Victims of crime can wait for years for justice after Dominic Raab admitted he did not know how long it will take to get through the backlog of the most serious trials.
In an interview with Sky News, the attorney general said he “could not say with precision” when the backlog of more than 60,000 kroner lawsuits in England and Wales will return to the level it was at before the pandemic.
He suggested that it might take up to a year before it starts to fall, and did not rule out that it might take seven or eight years to clear it.
Raab admitted that victims of crime, especially rape and sexual crimes, have suffered “the extra anguish and ordeal of this wait in limbo” and said it was his top priority to ensure faster justice.
He also rejected the idea – put forward by former Conservative secretaries – that short sentences should be replaced by community service.

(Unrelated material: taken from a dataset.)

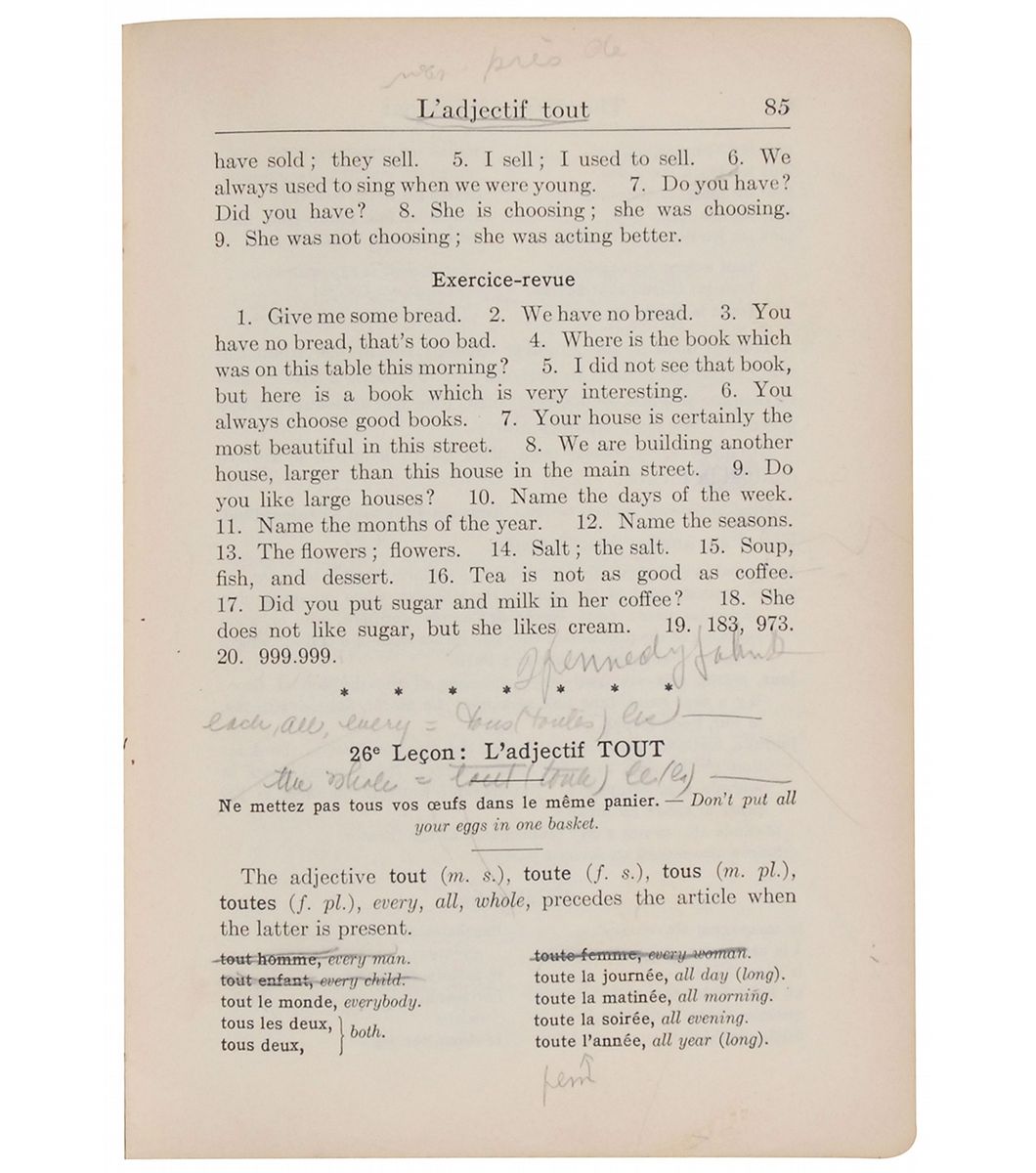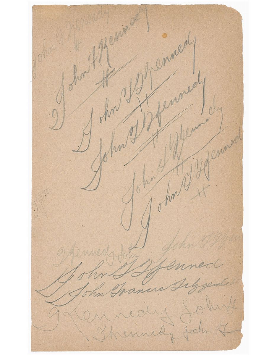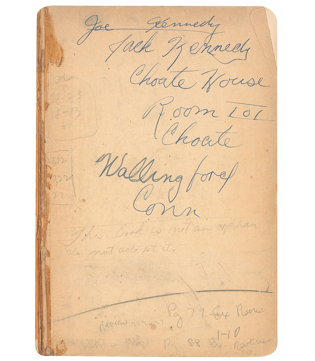 Signed book: The New Chardenal Complete French Course. Boston: Allyn and Bacon, 1929. Hardcover, 5.25 x 7.5, 450 pages, with a handsome custom-made clamshell book box. Signed in blue ink on the first free end page, “Joe Kennedy,” and “Jack Kennedy, Choate House, Room 101, Choate, Wallingford Conn.” The book is also heavily annotated in pencil throughout by Kennedy, who also adds several different variations of his signature, including, “John F. Kennedy“ (24 times), “Kennedy, John F.” (16 times), “J. Kennedy” (3 times), “John Francis Kennedy” (once), “Kennedy” (4 times), “John Francis Fitzgerald Kennedy” (one time). One of the signatures in incorporated into his complete address, “Kennedy, John F., 2921 Pondfield Rd., Bronxville, N. Y.” Kennedy has drawn a face in the arch of a photo of La Porte St. Denis a Paris, and tracing an image of Le Pantheon a Paris on the opposite page. Autographic condition: paperclip impressions over portion of both signatures, uniform toning to signed page, multiple pencil notations to signed page, as well as some adhesive remnants along left edge, small portion of “Wallingford” traced over in Book condition: G-/None. Brown cloth-covered boards; heavy wear to edges, with chips/tears in cloth (mostly at corners and spine-ends); spine sunned; hinges cracked; first and last few pages are detached; heavy marking throughout; soiled and slightly yellowed.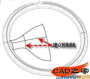 10、接着我们就要建立融合部分的曲面了。其实大家都知道这里应该切除扶手面。但在哪里切,却不是很明了。当然切不是盲目的,要有目的地切。为了保持融合曲面与扶手曲面之间痕迹不明显(其实痕迹明不明显,主要是视觉的效果,如果我们把切的地方放在高光部分,那肯定会好些。),我们在扶手曲面的中间部分开始切,而且为了保持被切后边的整体性,我们用的曲线应是一整条,这个操作步骤请参照PART文件。

He described this approach as “just letting people go” and said it was not a route he would go down as it “would not instill public confidence”.
He also said it was “inconceivable” that the prison population, currently around 81,000 in England and Wales, would fall on his guard unless crime fell and that he would focus on using offenders’ time for job training.
Raab will today announce the opening of a new “super courtroom” of £ 2.7 million. in Loughborough, the second of its kind in the UK, where up to 12 defendants can sit in the dock. Another in Manchester opened last month.
Alleged crimes, including gang violence and drug trafficking at national borders, account for about one-fifth of the backlog because the rules on social distancing have prevented them from continuing.
A murder case with nine defendants begins in the new courtroom this week. Raab said using those facilities instead of more courtrooms for hearings would free up space for an additional 250 other cases a year.
The backlog of crown law is 60,292 according to the latest figures from the Ministry of Justice from the end of June compared to 41,045 in March 2020, when the pandemic began – an increase of 48%.
Despite an increase of £ 1bn. in the funding for legal arrears over the next three years, secured in last month’s expenditure statement, it is expected that this will only reduce the backlog to 53,000 in 2024.
Raab said: “We are beginning to see the backlog stabilize. I can not tell you with any precision exactly when we will return to pre-pandemic levels. But I am convinced that within six to 12 months at. at the latest we will start to get the backlog down.
“These are the 15% of the most complex cases that go through the Crown Court, which due to the pandemic and the rules on social distancing that apply to things like jury trials, could not run safely and responsibly in the way we would in normal times. “
Asked twice if it could take seven or eight years to reduce the backlog, he said: “We want to go as fast as we can. We have to use technology; we have 13,000 cases every week that use a or other video technology. “
Sky News visited Peterborough Cathedral, one of dozens of nightingale courtrooms that opened during the pandemic – 32 of which are still working to help with the backlog. The court, which can handle family cases and criminal cases that do not require security, does not sit full-time.
COVID saw the closure of juries between March and May last year, but the justice system has also suffered from several years of spending cuts and has lost a quarter of its budget since 2010.
Raab said he did not accept that there was a lack of funding for lawyers and judges, which the Criminal Bar Association said had exacerbated “endless waits for justice”.
He said: “I have pretty much secured a record increase in funding for justice in the spending review for the next three years and I look forward to delivering.”
Sky News spoke to “Lisa”, who does not want to be identified, about reporting a sexual crime she suffered as a child – only to wait three years for the perpetrator to be jailed, with three trial dates and various other hearings canceled.
At one point, she drove 100 miles to attend a court hearing that was canceled due to COVID – and had to relive her testimony on video before each court hearing.
“I felt like I was serving a prison sentence,” she said. “I have not been able to do my job for long periods of time. It has ruined my personal life.”
She added: “I wanted to move home; it did not happen. I planned to adopt; it did not happen. Everything has been put on hold because I did not want this man to do what he did to me for someone else. . “
Raab said: “It is not only the delay – and justice delayed, justice is denied – but that process is very traumatic.
“That’s why we’re keeping the backlog down. It’s my first priority to get the backlog down to do justice to the victims.”